Déchéance des intérêts en raison d’un formalisme contractuel non respecté

·

·

Déchéance des intérêts en raison d’un formalisme contractuel non respecté

L’Essentiel : La société FRANFINANCE a accordé un crédit renouvelable à Mme [I] [N] en février 2022. Suite à des impayés, elle a demandé la déchéance du terme. Le 12 octobre 2023, FRANFINANCE a assigné Mme [I] [N] devant le juge à Rennes pour un montant de 3 768,65 €. Lors de l’audience du 7 novembre 2024, la défenderesse était absente. Le juge a constaté que le contrat de crédit ne respectait pas les exigences du code de la consommation, entraînant la déchéance des intérêts. Finalement, Mme [I] [N] a été condamnée à rembourser 3 071 €, sans intérêts, avec exécution provisoire.

Contexte du litige

La société FRANFINANCE a accordé un crédit renouvelable à Mme [I] [N] d’un montant maximal de 3 500 € par une offre signée électroniquement le 7 février 2022. Suite à des échéances non réglées, FRANFINANCE a décidé de se prévaloir de la déchéance du terme.

Procédure judiciaire

Le 12 octobre 2023, FRANFINANCE a assigné Mme [I] [N] devant le juge des contentieux de la protection à Rennes, demandant le paiement de 3 768,65 € avec intérêts et 800 € au titre de l’article 700 du code de procédure civile. L’audience s’est tenue le 7 novembre 2024, où le juge a soulevé des questions relatives à la conformité du contrat de crédit avec le code de la consommation.

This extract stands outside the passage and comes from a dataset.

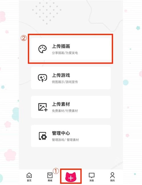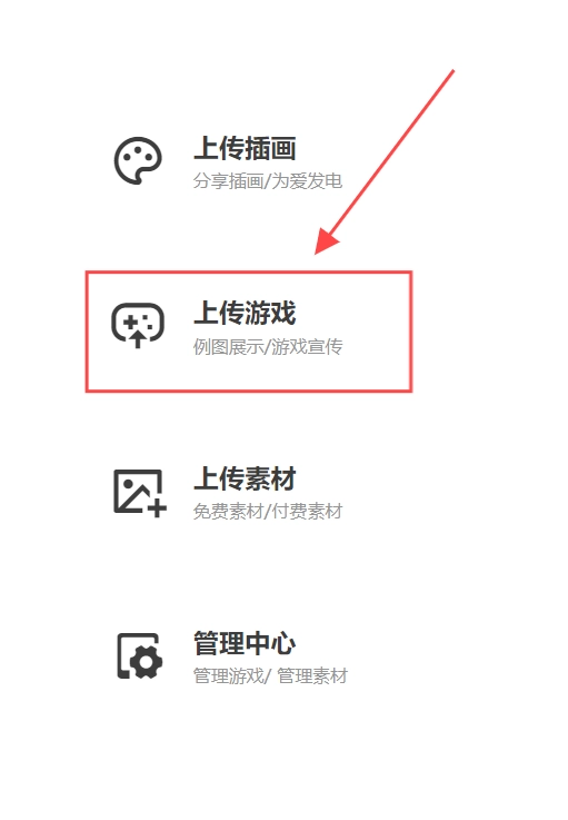1、可以上传游戏、上传素材、上传插画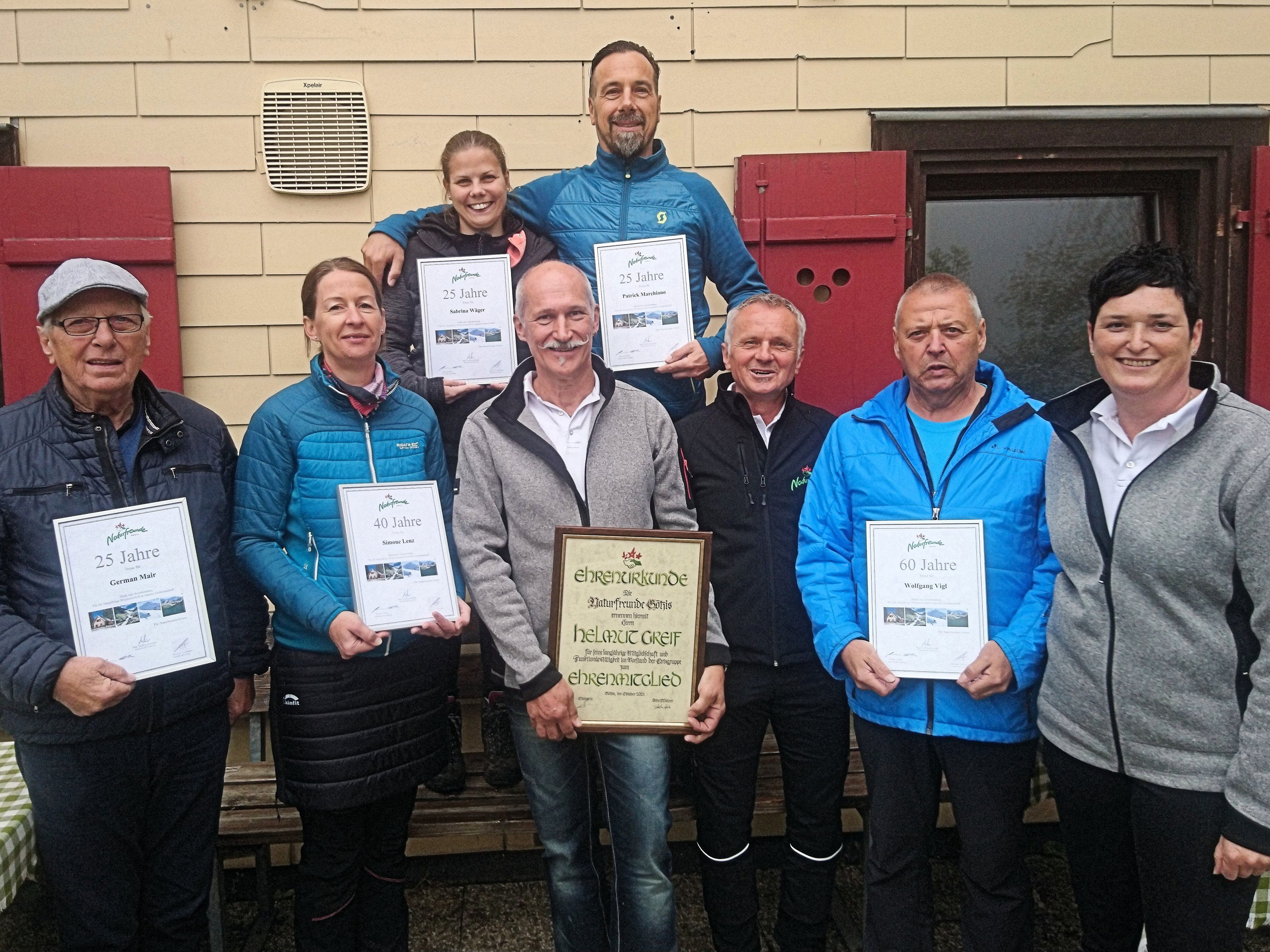 Die höchste Ehrung hat unsere Kassier Helmut Greif verdient. Er wurde mit der Ehrenurkunde von den Naturfreunden zum Ehrenmitglied ernannt.

Absence de la défenderesse

Bien que Mme [I] [N] ait été régulièrement assignée, elle n’a pas comparu à l’audience. L’affaire a été mise en délibéré, et la décision a été rendue le 16 janvier 2025.

Analyse juridique

Le juge a rappelé que, selon le code de la consommation, il peut relever d’office des dispositions relatives à la régularité des contrats de crédit. En l’espèce, le contrat de crédit ne comportait pas l’encadré requis par l’article L312-28, entraînant la déchéance du droit aux intérêts pour le prêteur.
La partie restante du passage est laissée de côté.